▶
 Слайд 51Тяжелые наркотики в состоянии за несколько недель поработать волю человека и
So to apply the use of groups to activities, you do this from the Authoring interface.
◀
▶
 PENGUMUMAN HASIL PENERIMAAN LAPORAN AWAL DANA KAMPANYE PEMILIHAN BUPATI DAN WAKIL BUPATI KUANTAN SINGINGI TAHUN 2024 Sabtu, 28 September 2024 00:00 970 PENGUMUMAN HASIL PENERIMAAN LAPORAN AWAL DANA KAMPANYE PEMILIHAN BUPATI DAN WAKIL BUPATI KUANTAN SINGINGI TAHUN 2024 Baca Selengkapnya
◀
▶
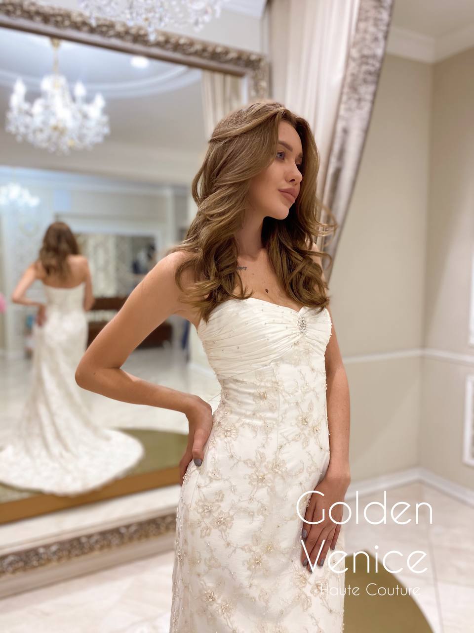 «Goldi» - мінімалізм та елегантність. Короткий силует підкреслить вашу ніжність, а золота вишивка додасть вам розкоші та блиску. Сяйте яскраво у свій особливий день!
◀
**Problem to work on**
Everything in the material above from the line that has "Слайд 51Тяжелые наркотики" through the line that has "So to apply" must be duplicated exactly, with no other lines given.

**Result of the exercise**
 Слайд 51Тяжелые наркотики в состоянии за несколько недель поработать волю человека и
So to apply the use of groups to activities, you do this from the Authoring interface.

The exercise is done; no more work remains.